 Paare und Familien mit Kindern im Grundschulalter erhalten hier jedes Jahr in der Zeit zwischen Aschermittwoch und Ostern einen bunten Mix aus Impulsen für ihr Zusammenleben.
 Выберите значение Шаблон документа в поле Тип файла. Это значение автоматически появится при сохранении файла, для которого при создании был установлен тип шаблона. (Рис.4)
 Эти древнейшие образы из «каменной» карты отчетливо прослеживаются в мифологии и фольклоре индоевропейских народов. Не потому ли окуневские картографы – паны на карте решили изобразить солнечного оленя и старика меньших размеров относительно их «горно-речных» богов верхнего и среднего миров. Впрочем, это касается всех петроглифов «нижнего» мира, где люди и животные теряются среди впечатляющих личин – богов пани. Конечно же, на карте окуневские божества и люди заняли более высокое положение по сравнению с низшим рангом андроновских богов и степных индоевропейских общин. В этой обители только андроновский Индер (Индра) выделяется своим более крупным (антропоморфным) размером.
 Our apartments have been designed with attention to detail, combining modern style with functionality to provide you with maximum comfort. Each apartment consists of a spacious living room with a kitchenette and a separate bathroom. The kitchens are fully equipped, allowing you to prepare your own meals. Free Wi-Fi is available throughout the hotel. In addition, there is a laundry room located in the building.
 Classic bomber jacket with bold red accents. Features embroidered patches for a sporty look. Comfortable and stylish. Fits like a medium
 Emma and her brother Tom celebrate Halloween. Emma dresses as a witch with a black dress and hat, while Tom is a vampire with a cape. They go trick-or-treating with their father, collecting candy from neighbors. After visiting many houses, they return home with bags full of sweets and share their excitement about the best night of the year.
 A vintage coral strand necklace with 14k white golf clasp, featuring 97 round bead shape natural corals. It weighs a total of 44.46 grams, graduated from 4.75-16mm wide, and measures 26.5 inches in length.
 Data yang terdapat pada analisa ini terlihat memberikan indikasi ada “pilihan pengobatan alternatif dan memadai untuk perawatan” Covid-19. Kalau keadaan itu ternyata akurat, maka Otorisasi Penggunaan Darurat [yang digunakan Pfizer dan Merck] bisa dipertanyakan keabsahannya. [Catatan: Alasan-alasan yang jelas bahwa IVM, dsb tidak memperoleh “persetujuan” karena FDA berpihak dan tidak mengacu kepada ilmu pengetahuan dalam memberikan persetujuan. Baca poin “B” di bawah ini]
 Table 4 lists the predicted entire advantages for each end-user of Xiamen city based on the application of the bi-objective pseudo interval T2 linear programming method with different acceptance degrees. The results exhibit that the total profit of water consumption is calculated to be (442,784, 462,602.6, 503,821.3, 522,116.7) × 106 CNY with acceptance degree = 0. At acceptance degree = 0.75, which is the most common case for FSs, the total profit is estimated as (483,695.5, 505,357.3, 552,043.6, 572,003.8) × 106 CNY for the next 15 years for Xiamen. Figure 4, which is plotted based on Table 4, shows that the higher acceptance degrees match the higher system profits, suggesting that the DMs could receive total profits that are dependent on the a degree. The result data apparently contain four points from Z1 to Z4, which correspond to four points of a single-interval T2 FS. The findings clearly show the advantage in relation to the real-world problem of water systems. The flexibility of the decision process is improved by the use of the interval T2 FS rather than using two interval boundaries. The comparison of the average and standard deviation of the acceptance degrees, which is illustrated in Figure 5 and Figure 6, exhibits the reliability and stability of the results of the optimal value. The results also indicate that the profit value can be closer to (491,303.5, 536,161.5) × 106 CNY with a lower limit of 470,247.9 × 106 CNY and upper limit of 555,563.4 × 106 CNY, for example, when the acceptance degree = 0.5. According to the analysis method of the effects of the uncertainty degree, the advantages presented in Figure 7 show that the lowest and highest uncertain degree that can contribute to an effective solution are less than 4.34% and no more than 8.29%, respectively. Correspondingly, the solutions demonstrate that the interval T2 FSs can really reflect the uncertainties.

+===+

Restate the whole listing word for word so that no line differs from the original.

 Paare und Familien mit Kindern im Grundschulalter erhalten hier jedes Jahr in der Zeit zwischen Aschermittwoch und Ostern einen bunten Mix aus Impulsen für ihr Zusammenleben.
 Выберите значение Шаблон документа в поле Тип файла. Это значение автоматически появится при сохранении файла, для которого при создании был установлен тип шаблона. (Рис.4)
 Эти древнейшие образы из «каменной» карты отчетливо прослеживаются в мифологии и фольклоре индоевропейских народов. Не потому ли окуневские картографы – паны на карте решили изобразить солнечного оленя и старика меньших размеров относительно их «горно-речных» богов верхнего и среднего миров. Впрочем, это касается всех петроглифов «нижнего» мира, где люди и животные теряются среди впечатляющих личин – богов пани. Конечно же, на карте окуневские божества и люди заняли более высокое положение по сравнению с низшим рангом андроновских богов и степных индоевропейских общин. В этой обители только андроновский Индер (Индра) выделяется своим более крупным (антропоморфным) размером.
 Our apartments have been designed with attention to detail, combining modern style with functionality to provide you with maximum comfort. Each apartment consists of a spacious living room with a kitchenette and a separate bathroom. The kitchens are fully equipped, allowing you to prepare your own meals. Free Wi-Fi is available throughout the hotel. In addition, there is a laundry room located in the building.
 Classic bomber jacket with bold red accents. Features embroidered patches for a sporty look. Comfortable and stylish. Fits like a medium
 Emma and her brother Tom celebrate Halloween. Emma dresses as a witch with a black dress and hat, while Tom is a vampire with a cape. They go trick-or-treating with their father, collecting candy from neighbors. After visiting many houses, they return home with bags full of sweets and share their excitement about the best night of the year.
 A vintage coral strand necklace with 14k white golf clasp, featuring 97 round bead shape natural corals. It weighs a total of 44.46 grams, graduated from 4.75-16mm wide, and measures 26.5 inches in length.
 Data yang terdapat pada analisa ini terlihat memberikan indikasi ada “pilihan pengobatan alternatif dan memadai untuk perawatan” Covid-19. Kalau keadaan itu ternyata akurat, maka Otorisasi Penggunaan Darurat [yang digunakan Pfizer dan Merck] bisa dipertanyakan keabsahannya. [Catatan: Alasan-alasan yang jelas bahwa IVM, dsb tidak memperoleh “persetujuan” karena FDA berpihak dan tidak mengacu kepada ilmu pengetahuan dalam memberikan persetujuan. Baca poin “B” di bawah ini]
 Table 4 lists the predicted entire advantages for each end-user of Xiamen city based on the application of the bi-objective pseudo interval T2 linear programming method with different acceptance degrees. The results exhibit that the total profit of water consumption is calculated to be (442,784, 462,602.6, 503,821.3, 522,116.7) × 106 CNY with acceptance degree = 0. At acceptance degree = 0.75, which is the most common case for FSs, the total profit is estimated as (483,695.5, 505,357.3, 552,043.6, 572,003.8) × 106 CNY for the next 15 years for Xiamen. Figure 4, which is plotted based on Table 4, shows that the higher acceptance degrees match the higher system profits, suggesting that the DMs could receive total profits that are dependent on the a degree. The result data apparently contain four points from Z1 to Z4, which correspond to four points of a single-interval T2 FS. The findings clearly show the advantage in relation to the real-world problem of water systems. The flexibility of the decision process is improved by the use of the interval T2 FS rather than using two interval boundaries. The comparison of the average and standard deviation of the acceptance degrees, which is illustrated in Figure 5 and Figure 6, exhibits the reliability and stability of the results of the optimal value. The results also indicate that the profit value can be closer to (491,303.5, 536,161.5) × 106 CNY with a lower limit of 470,247.9 × 106 CNY and upper limit of 555,563.4 × 106 CNY, for example, when the acceptance degree = 0.5. According to the analysis method of the effects of the uncertainty degree, the advantages presented in Figure 7 show that the lowest and highest uncertain degree that can contribute to an effective solution are less than 4.34% and no more than 8.29%, respectively. Correspondingly, the solutions demonstrate that the interval T2 FSs can really reflect the uncertainties.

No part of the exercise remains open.